Денис Бурков, еще одна заноза в ж… хм. Он просит называть его Дэвид, через протяжное «э» – так ему кажется, что он выделяется из горы серого пластика. Но мы все равно называем его Денисом.

– Но ведь Марк Борисович давно тут работает, – продолжает настаивать Александра.

Я стою с прямой спиной, мечтая, чтобы этот спектакль закончился.

– Да, почему вы его представляете как нового сотрудника? – поддерживает Александру Екатерина, которая тоже входит в мою команду.

– Дурдом какой-то… – шепчет рядом Михаил.

– Да боже правый! – восклицает Максим Дмитриевич. – Вы даже подыграть не можете, что за коллектив из вас?!

– Полностью с вами согласен, – добавляет Денис, подходя к Максиму Дмитриевичу.

Шеф фыркает и, молча развернувшись, идет в свой кабинет. Круг редеет, все разбредаются кто куда. Кто-то остается поболтать, кто-то уходит работать.

Нет, мне нравится моя команда и то, что меня наконец-то формально назначили ее руководителем. То есть по факту я продолжаю быть своего рода заместителем Максима Дмитриевича по научной работе, но без административного ада, и имею возможность посвящать науке все свое время.

А что касается Максима Дмитриевича… Ну, чаще всего его шутки и попытки разыграть нас выливаются в два русла – или в трагедию, или в фиаско.

Пожимаю плечами и, поправив очки, направляюсь в лабораторию. Все-таки написание статей еще никто не отменял.

Глава 3

Яна

– Ничего не могу понять.

Откидываюсь на спинку кресла и с трудом пытаюсь собраться с мыслями. День-дребедень, никак иначе. Ничто не вяжется в нем. Будто высшие силы пытаются испортить и пробить дно невезения в моей жизни. И только черт знает, что будет в следующее мгновение.

Вокруг темнота, свет исходит только от монитора компьютера и лампочек конфокала. Микроскопная – это маленькая душная комнатка без окон, чтобы свет не мешал рассматривать светящиеся метки.

– Что такое?

Женя стучится в микроскопную и с любопытством смотрит на меня через защитные очки.
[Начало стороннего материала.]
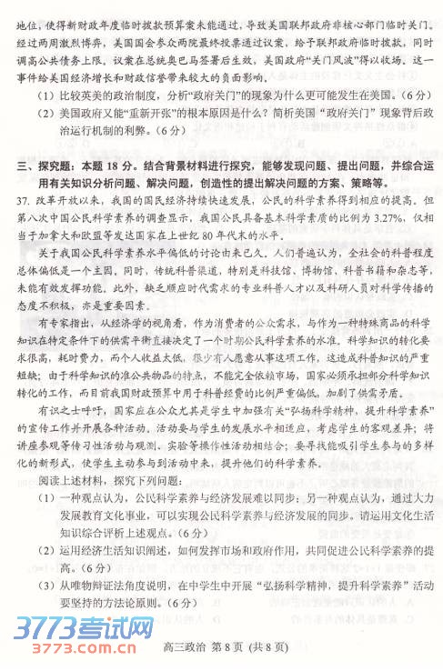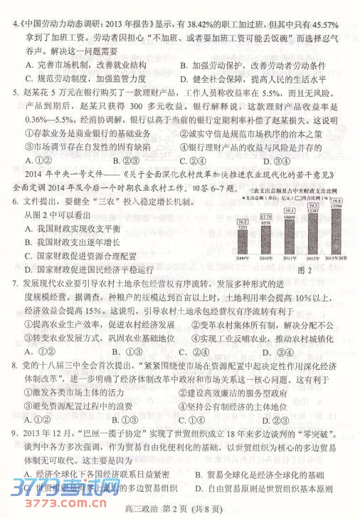江苏省无锡四市(苏锡常镇)2014届高三第一次模拟政治试题(扫描版)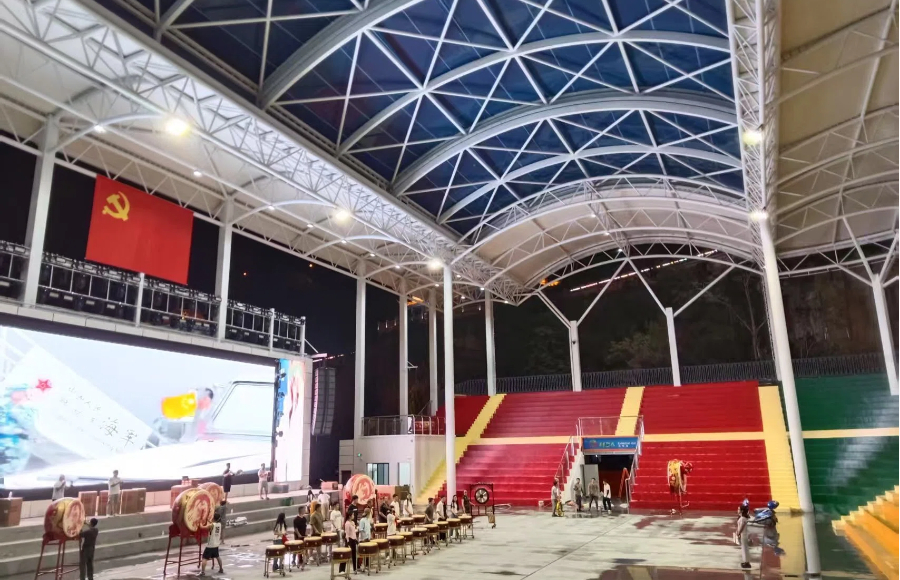 嵐皋村BA籃球場(chǎng)膜結(jié)構(gòu)屋頂工程進(jìn)展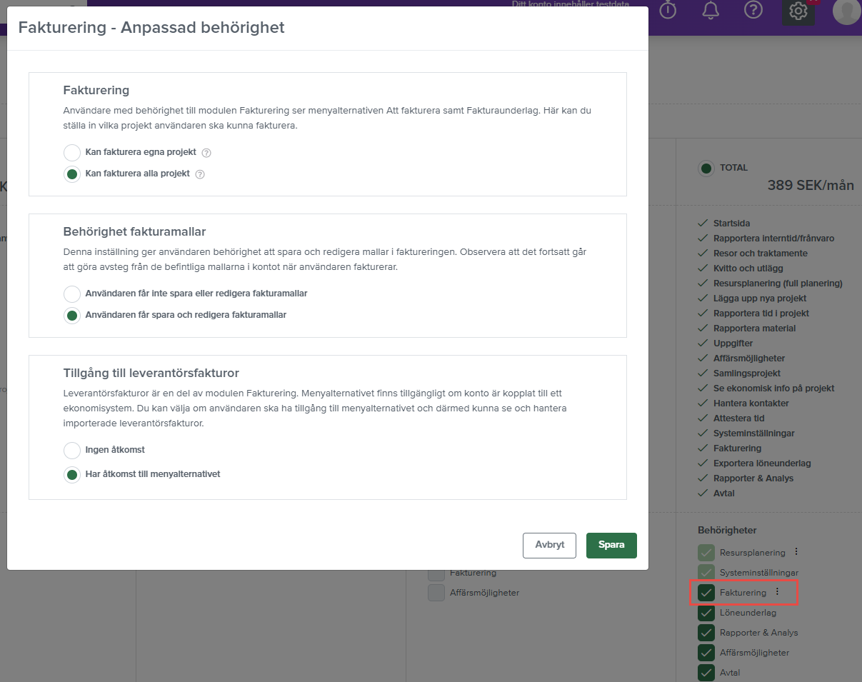 Vilken behörighet användaren ska ha anger du genom att klicka på de tre prickarna till höger om Fakturering, längst ner på sidan under Inställningar - Generellt - Licenser och användare. Vad du kan välja mellan beror på vilken licens du har.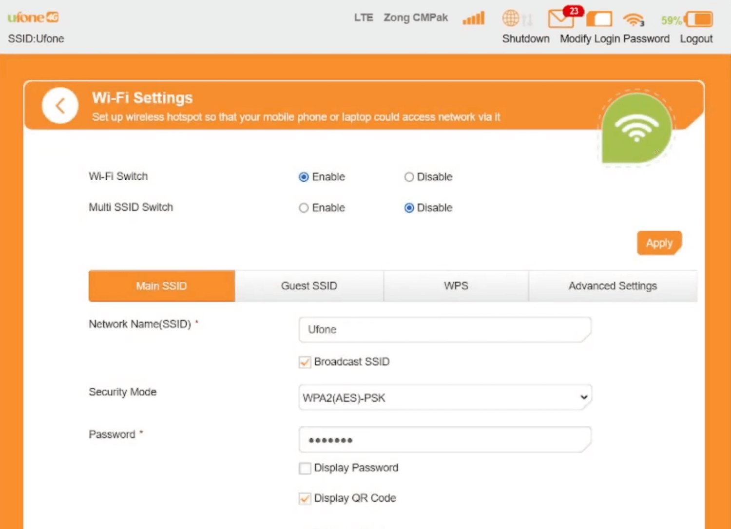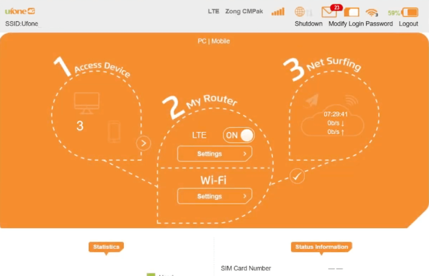 Ufone 设备管理器网站允许您更改 WiFi 密码、网络名称和默认 Ufone 4G Blaze 设置 http://192.168.1.1。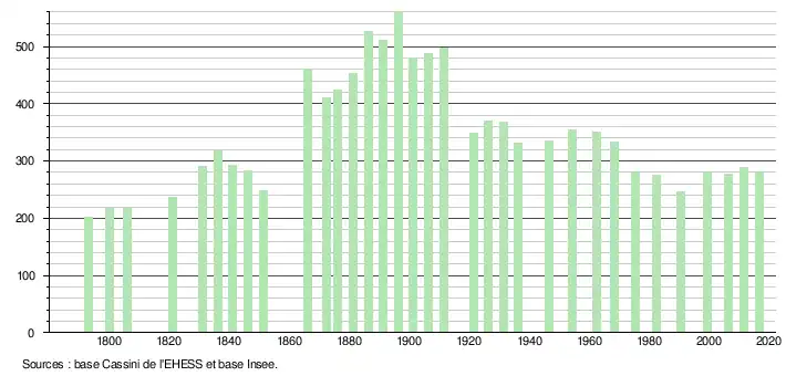 L'évolution du nombre d'habitants est connue à travers les recensements de la population effectués dans la commune depuis 1793. Pour les communes de moins de 10 000 habitants, une enquête de recensement portant sur toute la population est réalisée tous les cinq ans, les populations de référence des années intermédiaires étant quant à elles estimées par interpolation ou extrapolation[4]. Pour la commune, le premier recensement exhaustif entrant dans le cadre du nouveau dispositif a été réalisé en 2006[5].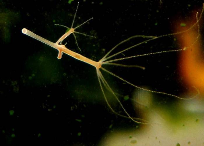 - Гидра – червь, безвредный для взрослой рыбы, изредка поражающий икринки и мальков. Разорванный пополам, не погибает, а регенерирует в две особи.

– Никак не могу понять, почему светятся сплошные артефакты, это мешает окрашиванию.

Женя пододвигает ко мне скрипучее кресло.

– В плане? Что не так?

– Я уже в шестой раз крашу антителами с GFP и проваливаю опыт. Ты сейчас ослепнешь, там все зеленое.

Обреченный вздох, словно девиз этого дня, срывается с моих уст.

– Вот, видишь?

Даю Жене возможность посмотреть в окуляры моего конфокального микроскопа. Она снимает защитные очки и щурится, настраивая фокус под себя.

– Это те кастомные антитела? – спрашивает Женя, продолжая рассматривать клетки под микроскопом.

– Да.

Снова тяжело вздыхаю. Как будто все, что я умею в своей жизни, – это исследовать глупые клетки и механически капать пипеткой.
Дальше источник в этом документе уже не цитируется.